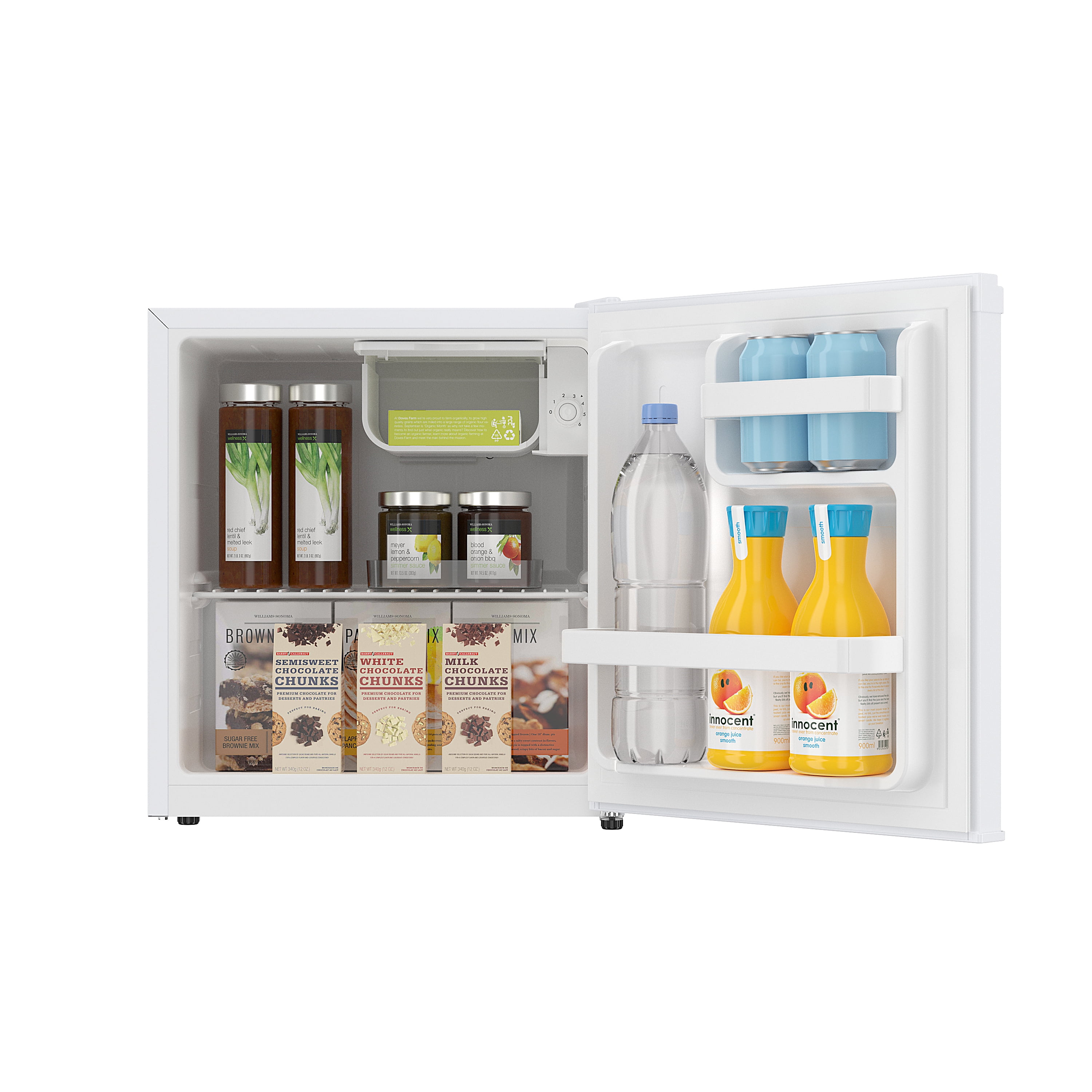 Capacity: 1.6-cu ft Compressor cooling· CFC free – (No Chlorofluorocarbons) Contains no CFCs harmful to the zone layer Flush back design Low energy consumption Invisible door handle Reversible door Door basket for 2-liter bottles Ice cube tray Separate ice cube chamber Adjustable thermostat Dimensions: 17.51″W x 18.62″D x 19.60″H Color: White
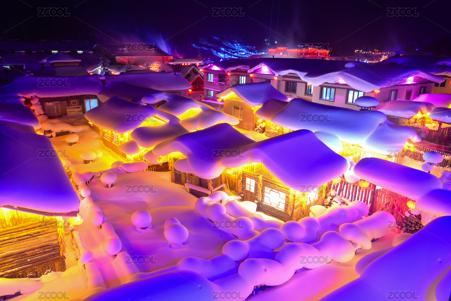 美麗黑龍江哈爾濱雪鄉(xiāng)蘑菇雪紅黃紫童話夜景
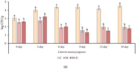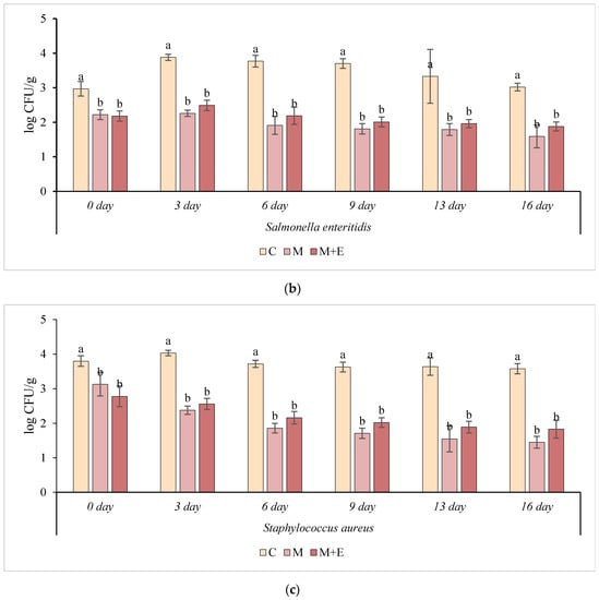 Cell load (log CFU/g ± SD), during refrigerated storage, of Listeria monocytogenes (a), Salmonella enteritidis (b), and Staphylococcus aureus (c). in different pork loin samples: Control (C), Marinated (M), marinated with essential oils (M + E). Data represent means ± SD. a, b, c = for each microorganism, at the same time of storage, average values lacking a common letter significantly differ among the same sampling time (p < 0.05).
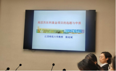 11月10日下午,江苏师范大学二级教授,中华家文化研究院院长陈延斌先生应邀莅临7ai ,开展了名为“高层次社科基金项目的选题与申报”的专题讲座。讲座由7ai 人文社科处副处长、7ai 金融系教授李玉双主持,来自文学、经济学、设计学等多个人文社科专业的30余名教师到场聆听。
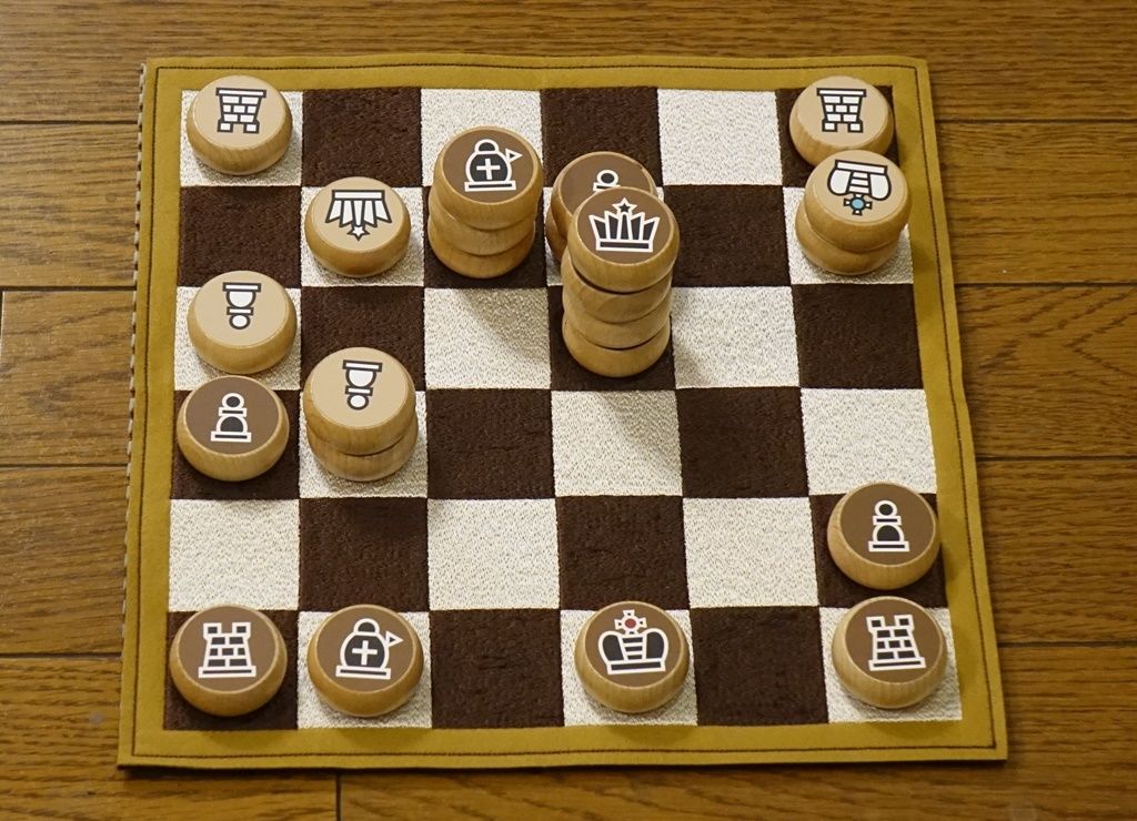 ゲーム自体大変面白くて,先日もゲーム好きの人が集まるところでプレイしました.外国人もいたのですが,ポーンが味方のポーンに乗るのは斜め前なのか,直前なのかでちょっと迷いました.斜め前と説明しておきましたが,これでいいのですよね? ともかく,卓抜なる発想のゲームデザインで,本当に感心しました.

----

*What this task involves:* Return the listing verbatim, pictures excluded.

*Task solution:*
 Capacity: 1.6-cu ft Compressor cooling· CFC free – (No Chlorofluorocarbons) Contains no CFCs harmful to the zone layer Flush back design Low energy consumption Invisible door handle Reversible door Door basket for 2-liter bottles Ice cube tray Separate ice cube chamber Adjustable thermostat Dimensions: 17.51″W x 18.62″D x 19.60″H Color: White
 美麗黑龍江哈爾濱雪鄉(xiāng)蘑菇雪紅黃紫童話夜景
 Cell load (log CFU/g ± SD), during refrigerated storage, of Listeria monocytogenes (a), Salmonella enteritidis (b), and Staphylococcus aureus (c). in different pork loin samples: Control (C), Marinated (M), marinated with essential oils (M + E). Data represent means ± SD. a, b, c = for each microorganism, at the same time of storage, average values lacking a common letter significantly differ among the same sampling time (p < 0.05).
 11月10日下午,江苏师范大学二级教授,中华家文化研究院院长陈延斌先生应邀莅临7ai ,开展了名为“高层次社科基金项目的选题与申报”的专题讲座。讲座由7ai 人文社科处副处长、7ai 金融系教授李玉双主持,来自文学、经济学、设计学等多个人文社科专业的30余名教师到场聆听。
 ゲーム自体大変面白くて,先日もゲーム好きの人が集まるところでプレイしました.外国人もいたのですが,ポーンが味方のポーンに乗るのは斜め前なのか,直前なのかでちょっと迷いました.斜め前と説明しておきましたが,これでいいのですよね? ともかく,卓抜なる発想のゲームデザインで,本当に感心しました.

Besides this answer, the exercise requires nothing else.